Data segment »
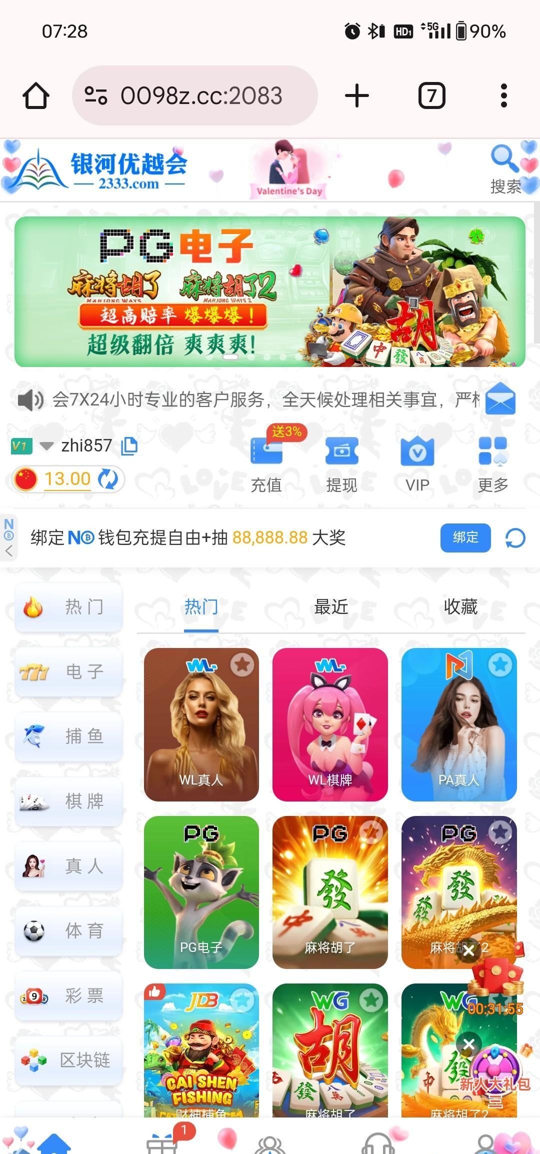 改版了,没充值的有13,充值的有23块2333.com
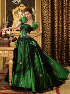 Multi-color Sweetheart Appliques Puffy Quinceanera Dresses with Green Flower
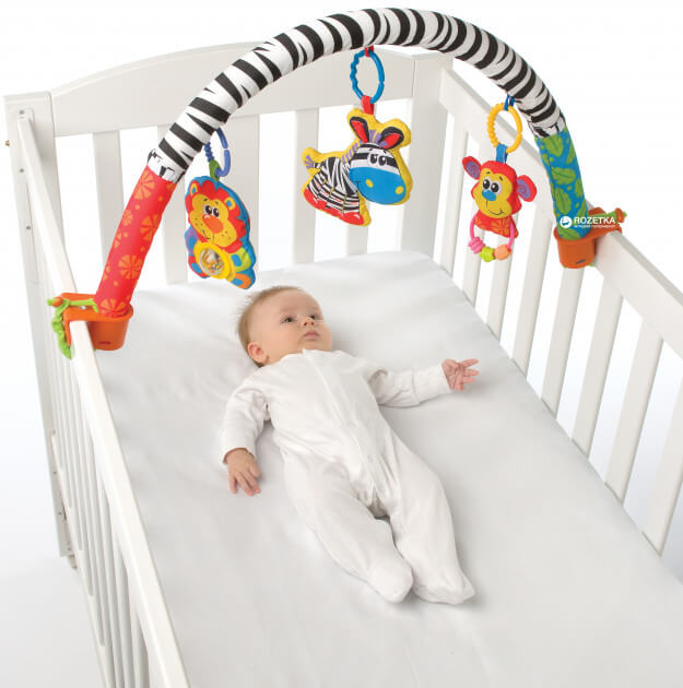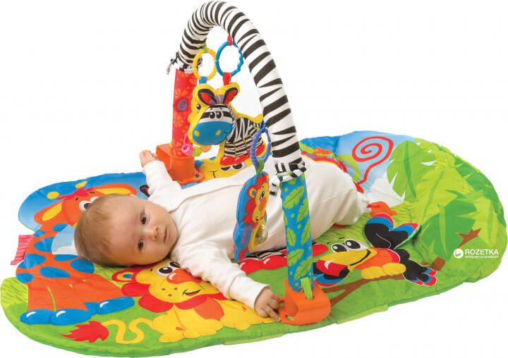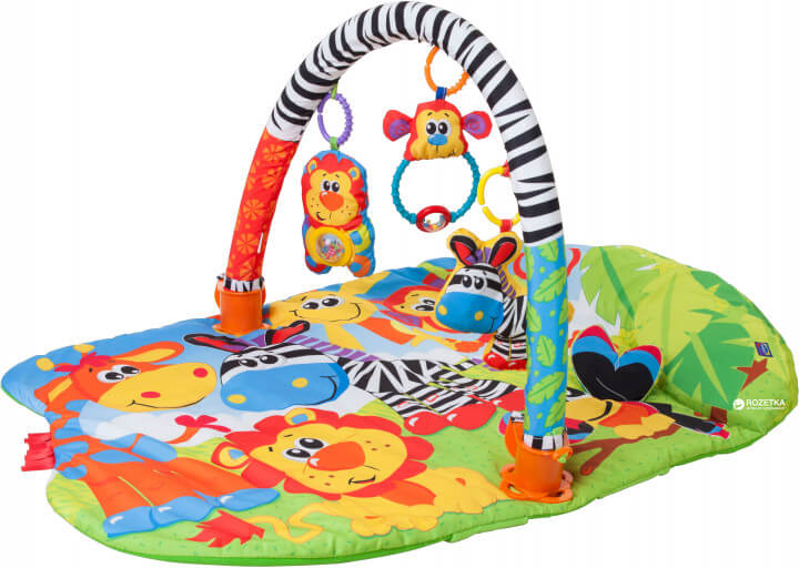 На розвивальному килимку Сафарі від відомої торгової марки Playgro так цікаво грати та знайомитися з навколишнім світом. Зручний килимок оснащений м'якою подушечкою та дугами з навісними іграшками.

What you should do » Would you retype exactly the lines running from the line that contains "Multi-color Sweetheart Appliques" through the end of the listing above, both included? Skip every picture.

Reply to the exercise »
 Multi-color Sweetheart Appliques Puffy Quinceanera Dresses with Green Flower
 На розвивальному килимку Сафарі від відомої торгової марки Playgro так цікаво грати та знайомитися з навколишнім світом. Зручний килимок оснащений м'якою подушечкою та дугами з навісними іграшками.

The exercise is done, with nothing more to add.